Taking only the lines of the data below from the line with "옅은 그린색 프린팅이 손으로 그려낸 듯 아름다운 접시입니다." to the line with "KKTC'de erken genel seçimin galibi UBP oldu", ends included, write them out exactly and without pictures.

Dataset entries:
========
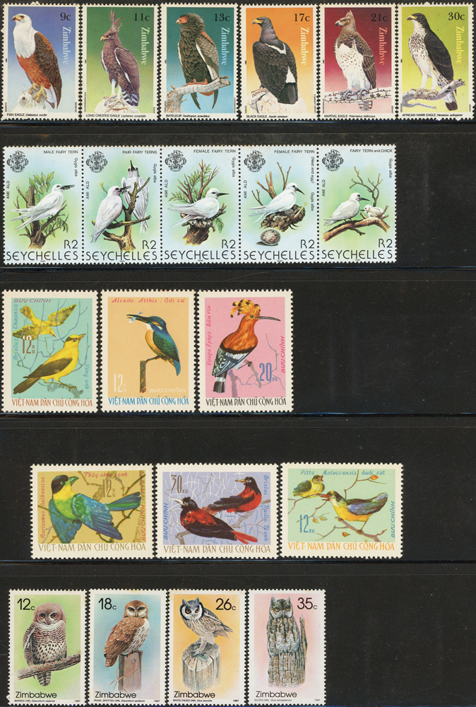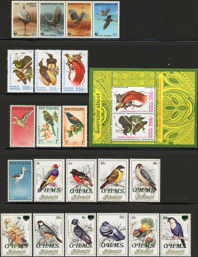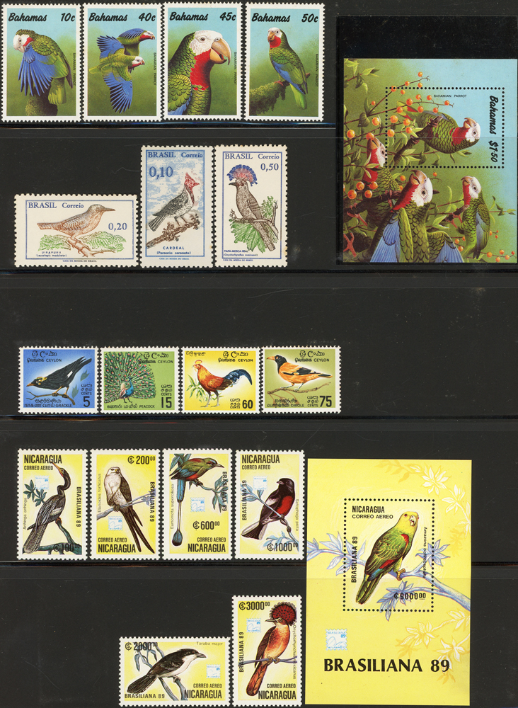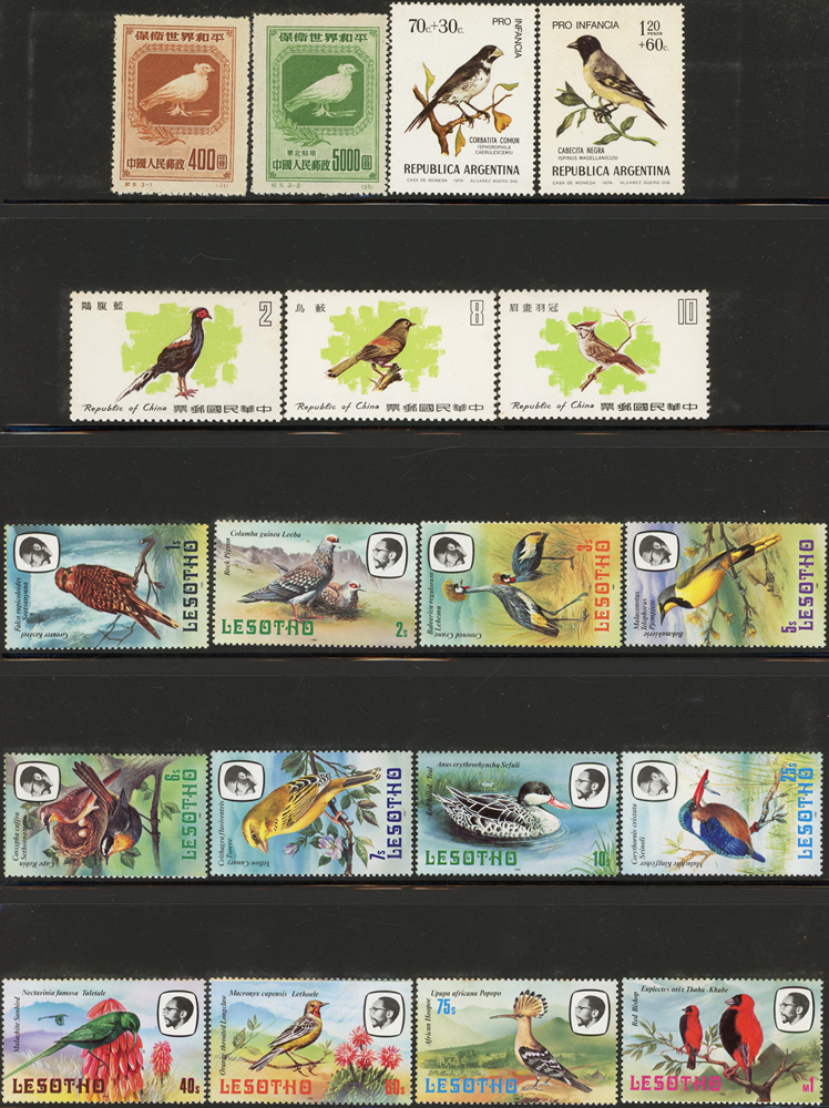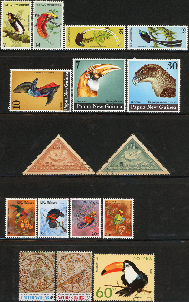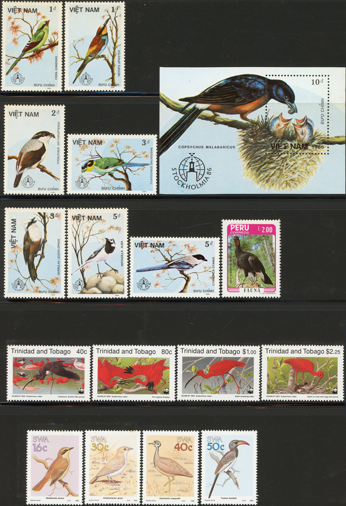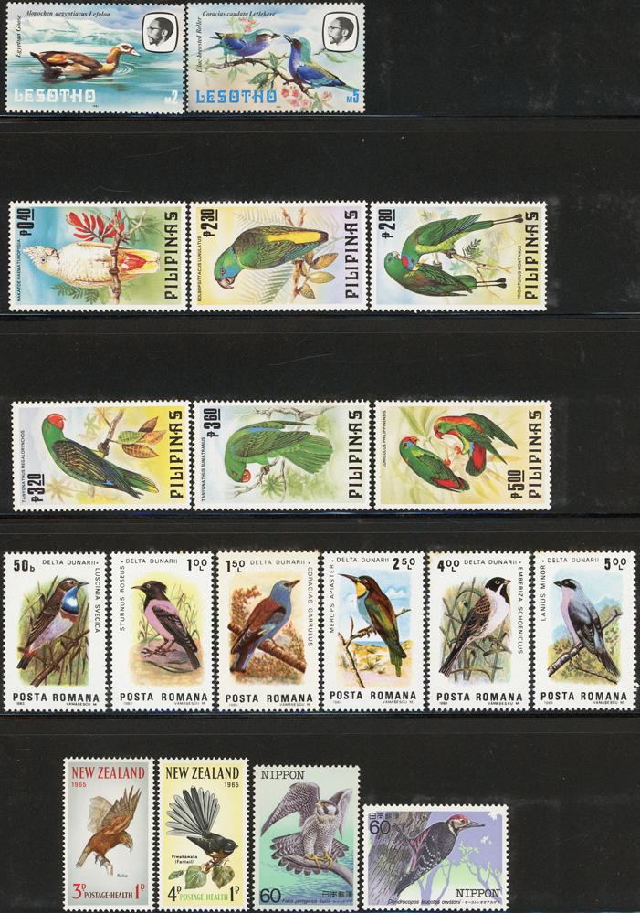 《鳥類》專題郵票小輯,含新票723枚,舊票98枚,未銷戳小全張18枚,未銷戳小版張4版,整理整齊於黑卡中,部分成套,國家包括有:美國.賴索托.羅馬.迦納.蒙古.巴拉圭.索羅門群島.史瓦濟蘭.福克蘭群島.加拿大.澳洲,紐西蘭.宏都拉斯.安圭拉.南非.格林那達.馬爾地夫.印尼.摩爾達維亞.根西島.以色列.斯洛伐克.波蘭.匈牙利.剛果.西班牙.保加利亞.馬尼亞.冰島.馬拉威.諾福克島.聖文森.安地卡及巴布達.多明尼加.蘇聯.巴哈馬.馬拉威.巴貝多.巴西.尼加拉瓜.圭亞那.韓國.台灣.巴布亞紐幾內亞.馬來西亞,越南.羅德西亞.中國.日本.牙買加.模里西斯.阿根廷.新加坡.萬那杜.辛巴威等等,少數為方連,多數不重複,品像混合,VF-F;歡迎至官網瀏覽全貌(Page 141)
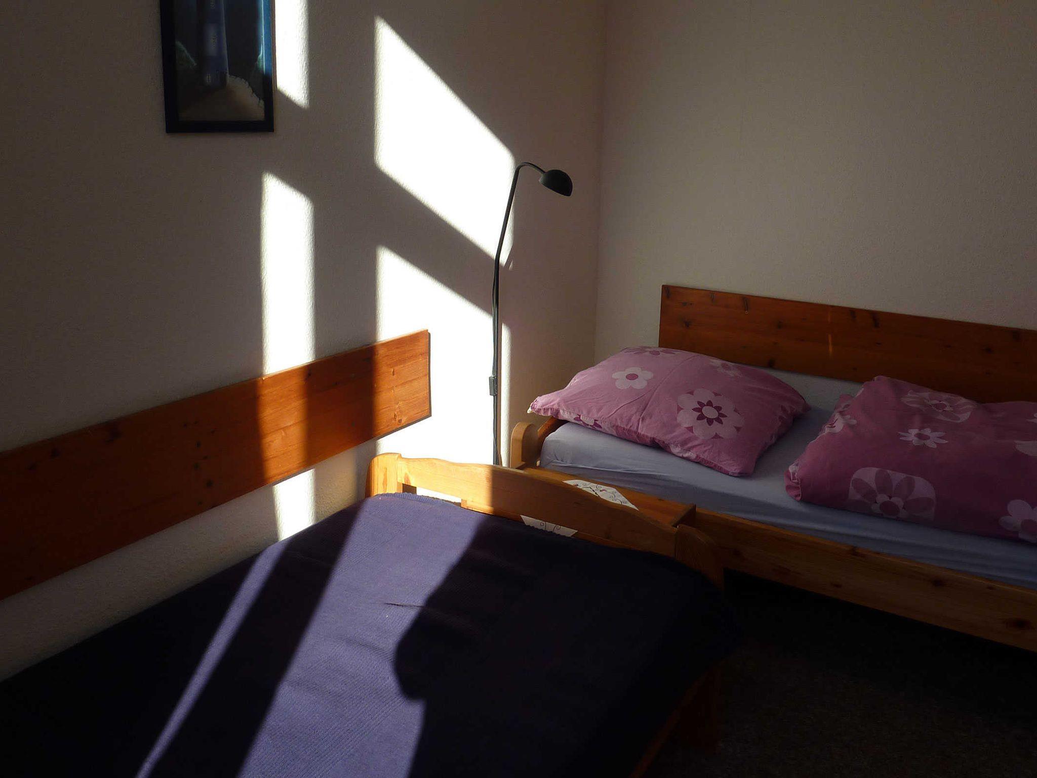 Eine Ferienwohnung bestehend aus 2 Zimmern, ein Schlafzimmer mit zwei getrennt stehenden Betten (je 90 x 200), ein Wohnzimmer mit einer Doppelbettcouch (145 x 195), Küche, DU/ WC, Waschmaschine.
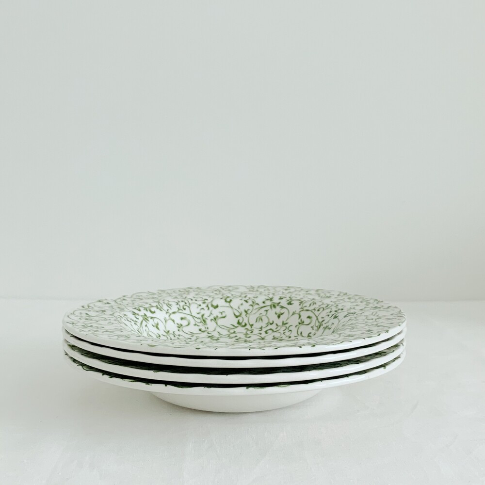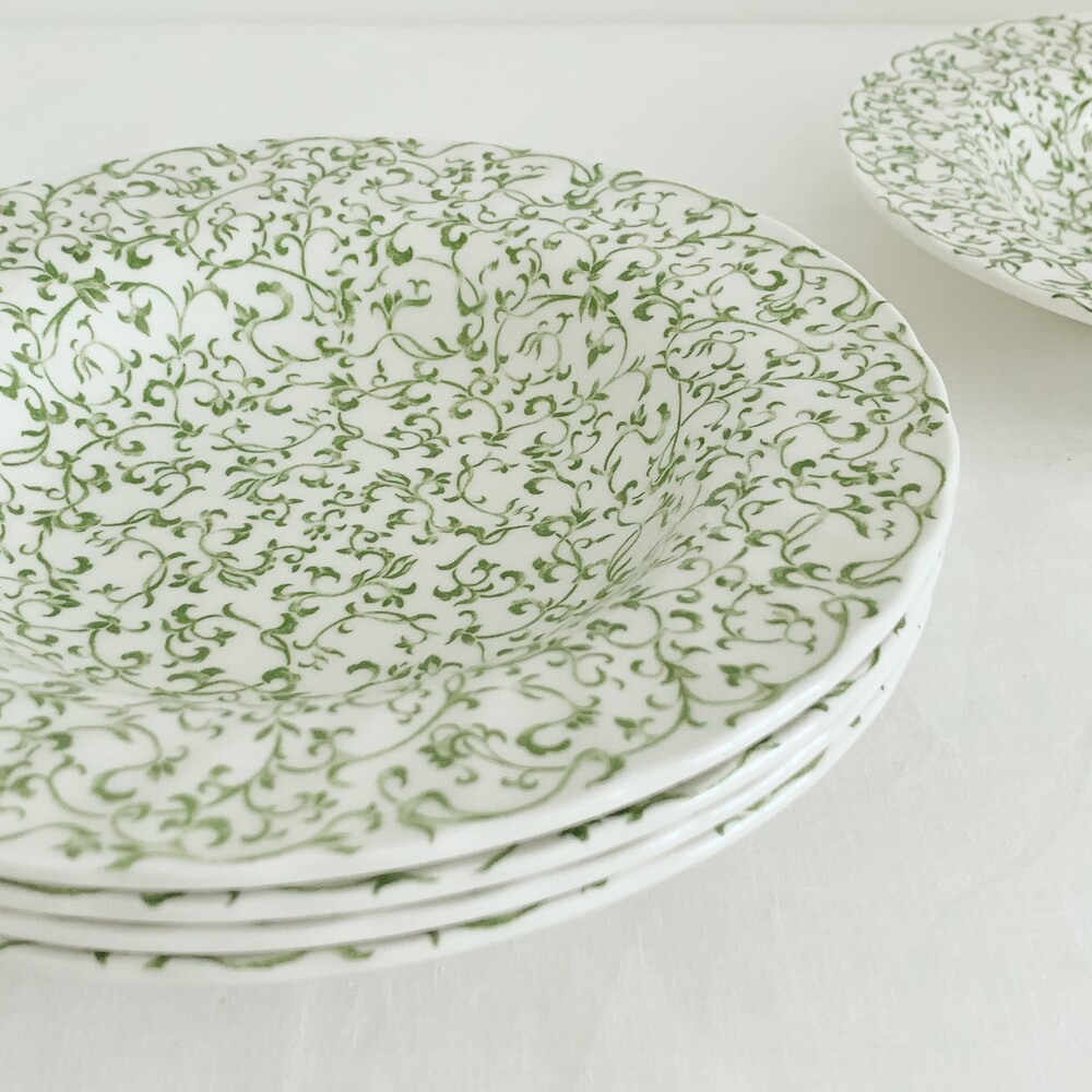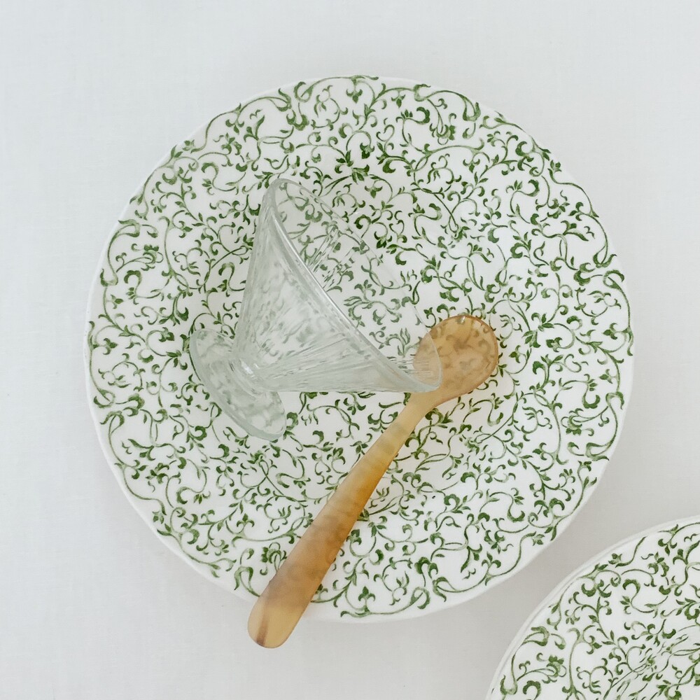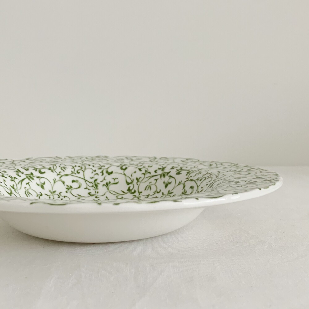 옅은 그린색 프린팅이 손으로 그려낸 듯 아름다운 접시입니다.
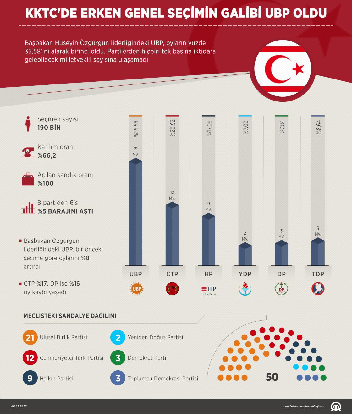 KKTC'de erken genel seçimin galibi UBP oldu
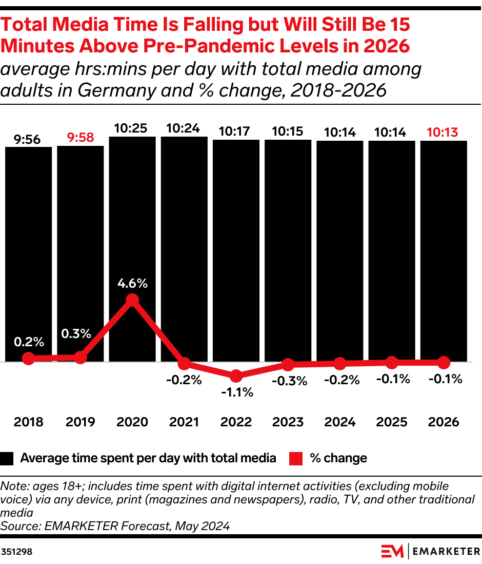 The media environment in Germany continues to be dominated by traditional media, as the country’s aging population shapes the narrative. That said, time spent with traditional media will slowly decline, while digital will pick up the slack, leading to stability in overall media time.
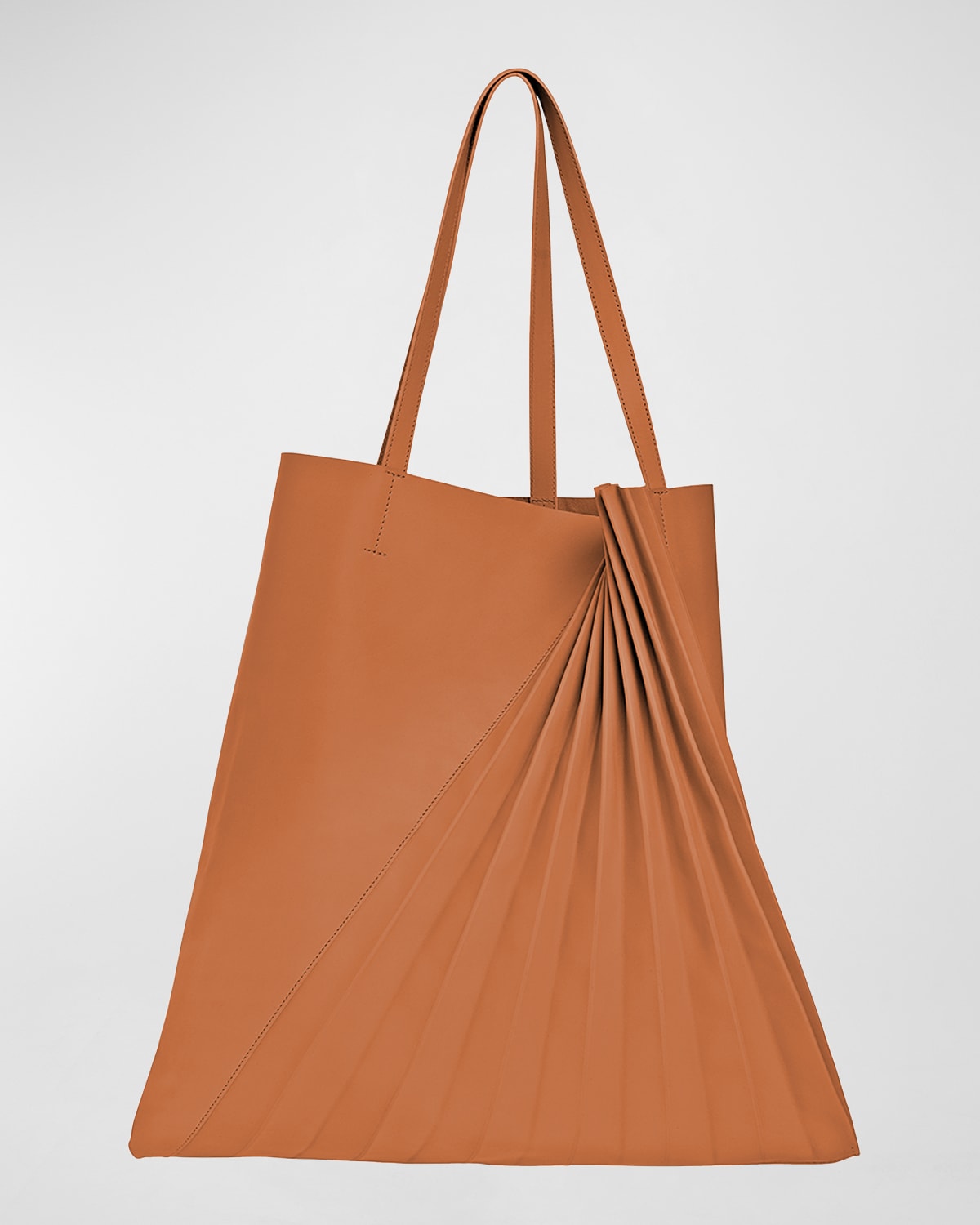 Sabrina Zeng's sculptural "Chiaroscuro" tote is detailed with the designer's signature pleats this is a bag has a life of its own. Perfect for offduty days or the office, this lightweight piece is equipped with a detachable pouch to keep your essentials. Sabrina Zeng pleated lambskin leather tote bag Fixed shoulder straps Open top Leashed zip pouch Lining: Organic cotton Approx. 16"H x 17"W x 1.5"D Professional cleaning recommended Made in Italy
========
** Problem solution **
 옅은 그린색 프린팅이 손으로 그려낸 듯 아름다운 접시입니다.
 KKTC'de erken genel seçimin galibi UBP oldu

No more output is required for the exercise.